ここは私が片付けておくから行きなさい。」

「どこにだよ。」

「静江。」

幽は髪をかきあげた。

「はい。」

「!?」

どこからか女が出て来て、幽の前で片膝をついた。

「修行よ。

その男が覚醒するまでご飯抜き。」

「はい。」

「後はここの片付けをお願い。」

「はい。」

「それじゃあ。

頑張ってね、大山くん。」

「いや、お前何もしないのかよ。」

「指示はしたわ。」

「そうですか。」

「だから後はあなた次第。

楽しみに待ってるわ。」

「そうですか。」

「また、明日ね。」

「ああ。」

軽く手を振りながら幽はその場を後にした。


取り残された。

俺と静江という女の人。

「貴様、名前は。」

現実で貴様なんて言う奴初めて見た。

「大山 友慈。」

「…」

こいつも無視するタイプなのか?

「行くぞ。
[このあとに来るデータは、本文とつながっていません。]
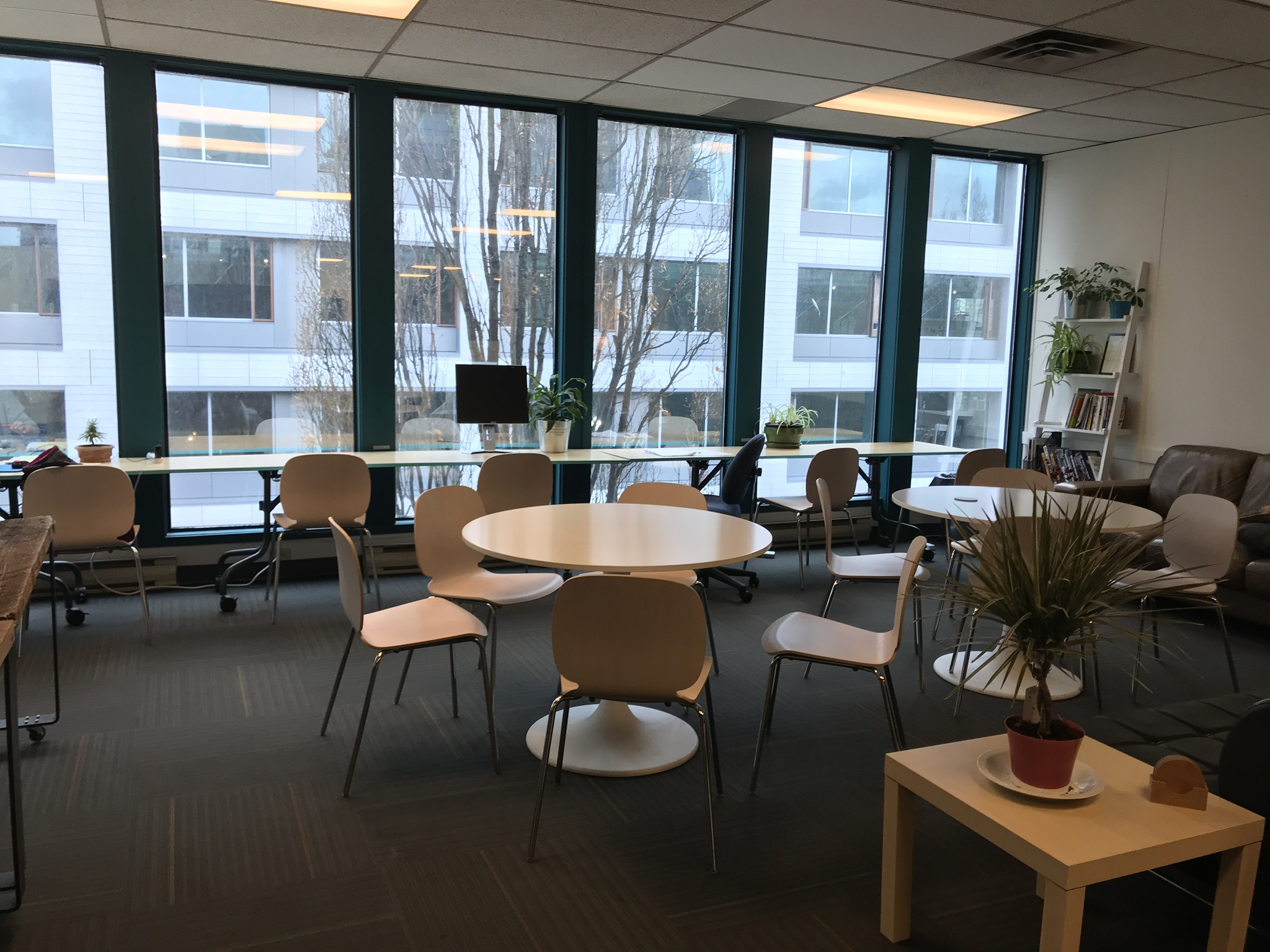 an on-line conversation and access a phone booth type space with a drop down desk. One day you may decide that sitting at a large work table with 8 other people is what you want, while the next a quiet, tucked away couch is what’s called for.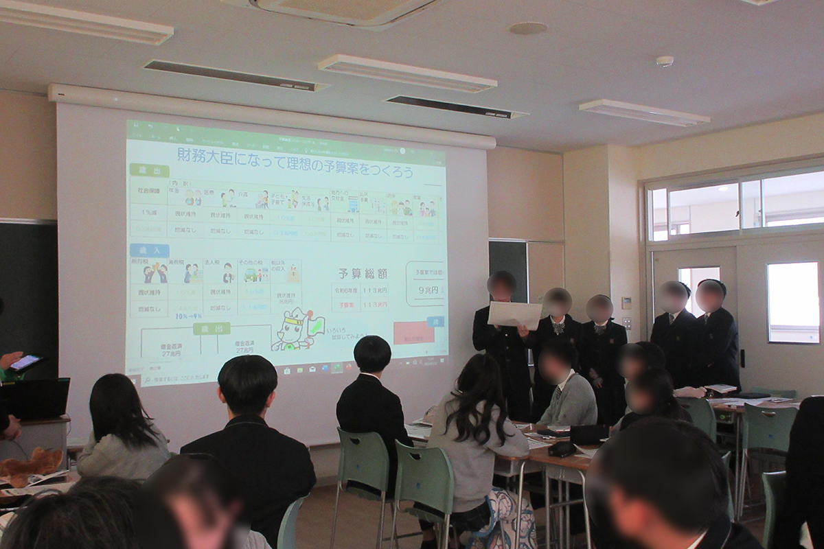 国税や地方税の種類や役割、日本の財政について現状と課題について学び、国民一人ひとりが予算の使い方を真剣に考え、どのように財政バランスを取っていくかを考えることが大切であることを理解した。グループワークでは「財務大臣」になって、どのように税金を集めて、集めたお金をどのように使えば日本の未来を良く出来るのかを考えた。グループごとに日本の未来がどのように良くなって欲しいかテーマを設定し、テーマに沿った予算づくりを実施。グループ毎に考える社会の実現に向けて、令和6年度の国の予算の歳入・歳出を組み直した。グループで考えたより良い社会とそれに向けた予算案の編成ポイントをまとめ、発表した。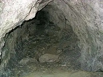 Dans la couche inférieure des os de faune paléolithique archaïque et des outils grossiers marquent une occupation du Moustérien ou de l'Aurignacien[1].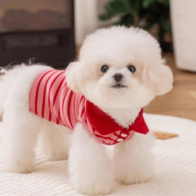 Dress your furry friend in the perfect blend of charm and comfort with this Cute Striped Puppy Polo Shirt. Designed for small dogs and cats, this sweet pullover vest is more than just clothing – it’s a fashionable statement for your pet. Featuring a classic striped pattern with a soft collar, it adds a touch of elegance while keeping your little one warm during chilly days.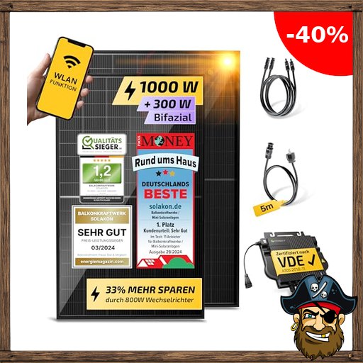 Solakon 1000W Balkonkraftwerk – Balkonkraftwerk 800W komplett Steckdose – neuest…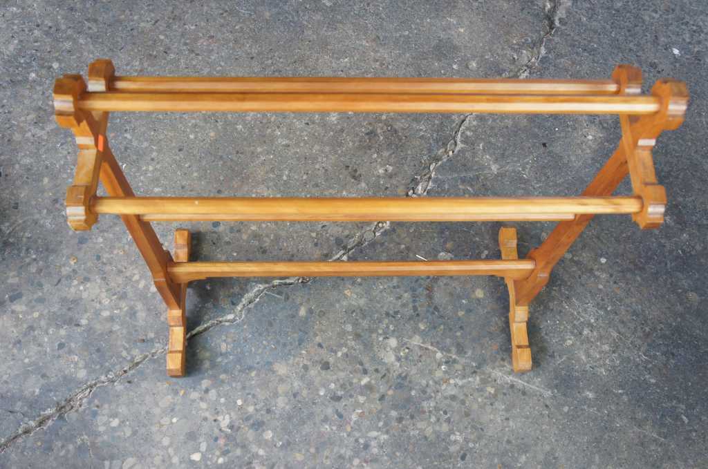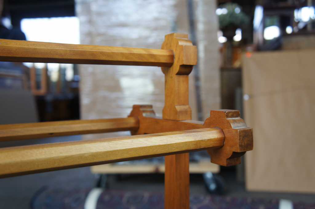 Up for consideration is an american maple quilt, towel or blanket rack. Handcrafted with a budded cross shape along the sides. Includes 4 rods for hanging.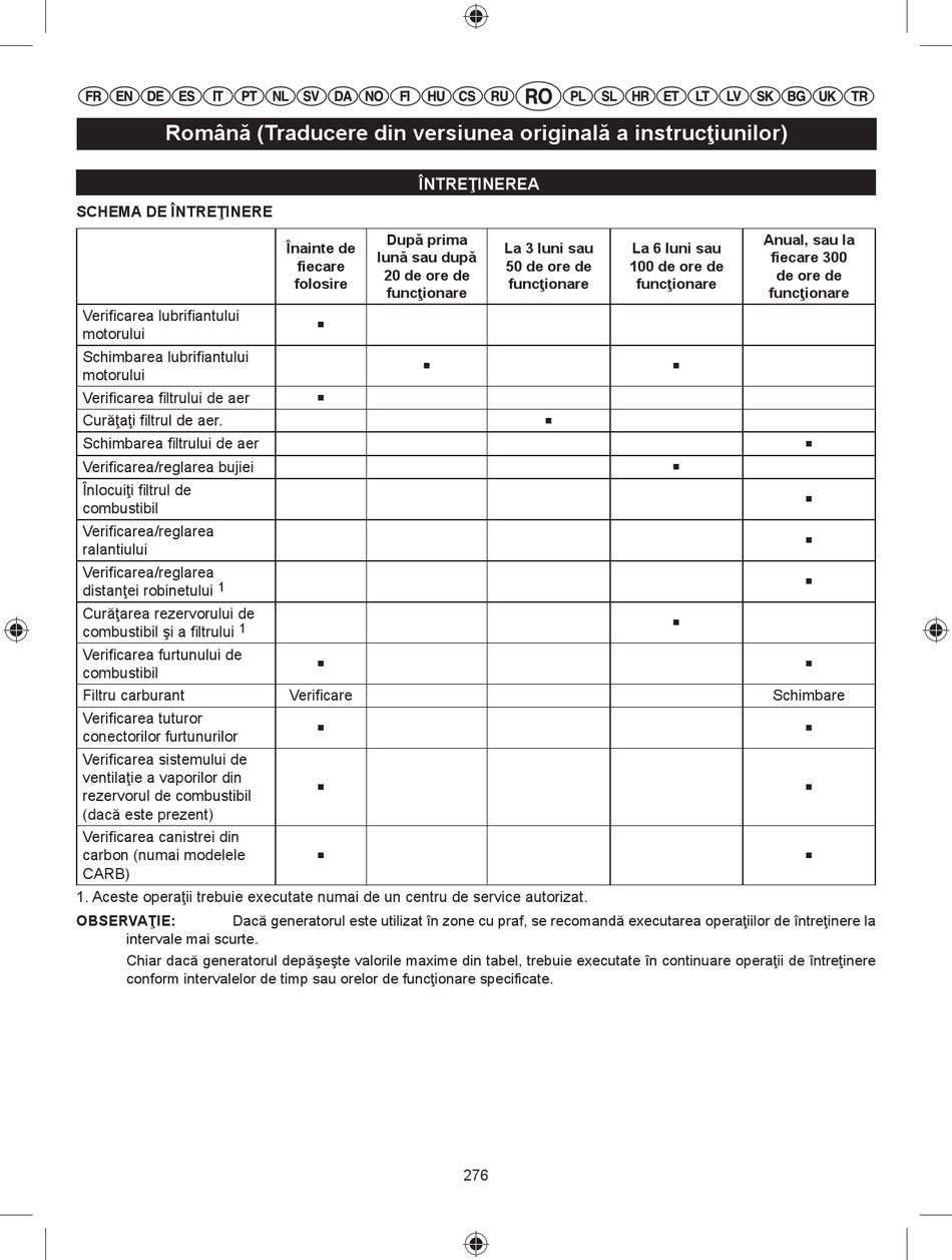 Chiar dacă generatorul depăşeşte valorile maxime din tabel, trebuie executate în continuare operaţii de întreţinere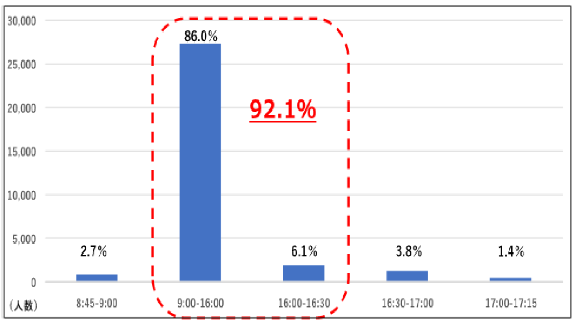 窓口受付時間の対象となる9時~16時30分の間の来庁者は、92.1%となっており、それ以外の時間帯の来庁者は、7.9%(1割未満)となっています。今後もより一層手続きの電子化を推進し、市役所に来ていただかなくてもできる手続きを増やしていきます。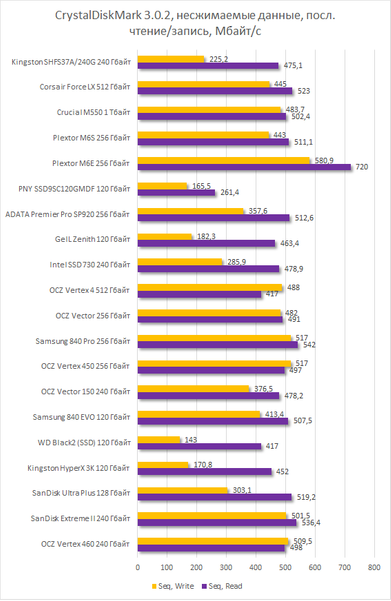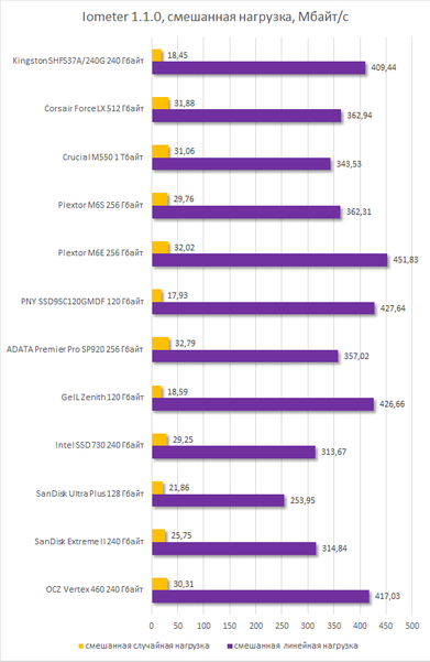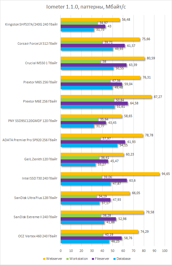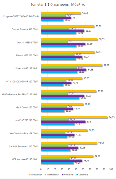 В остальных случаях Kingston конкурирует с бюджетными накопителями с 120 Гбайт на борту, изредка достигая средних результатов в нашей таблице. Примечательно, что производитель не скрывает реальных скоростных характеристик накопителя — заявленные 470 Мбайт/с в режиме чтения и 220 Мбайт/с в режиме записи несжимаемых данных легко воспроизводятся в тестовых условиях.

」

「どこに?」

「黙ってついて来い。」

やはり、あの女の周りにはまともな人間はいないのか?本人含め。

「ちょっと待ってくれ。」

家を出る前に女性の遺体にお辞儀した。

「無駄な時間だ。

早くしろ。」

「悪いな。ただの俺の自己満足だよ。」


そのままついて行くと人気のない河原についた。

剣は正義の家のタオルで包んで持って来た。

「さあ、あの岩を切れ。」

子供2人分くらいはありそうな岩。

色々考えながらとりあえず剣を構えた。

なんとか切れるか?

振り上げて、まっすぐに振り下ろした。

なんの感触もない。

「やる気あるのか?」

「いや、待て、何かおかしい。」

もう一度剣を振る。

やはり感触がない。

「???」

どうやら剣は岩には当たっていない様だ。

距離的に外す訳もなく、

岩がホログラムという訳もなく、

剣が岩と干渉していない。

何度振っても同じだ。

「早くしてくれ。

それが終わるまで私も貴様もご飯が食えん。」

「分かってるっての!」

それでも岩をすり抜ける。

幽のお付きの月上(つきがみ) 静江(しずえ)ちゃんです。

友慈くんとも因縁がある様で。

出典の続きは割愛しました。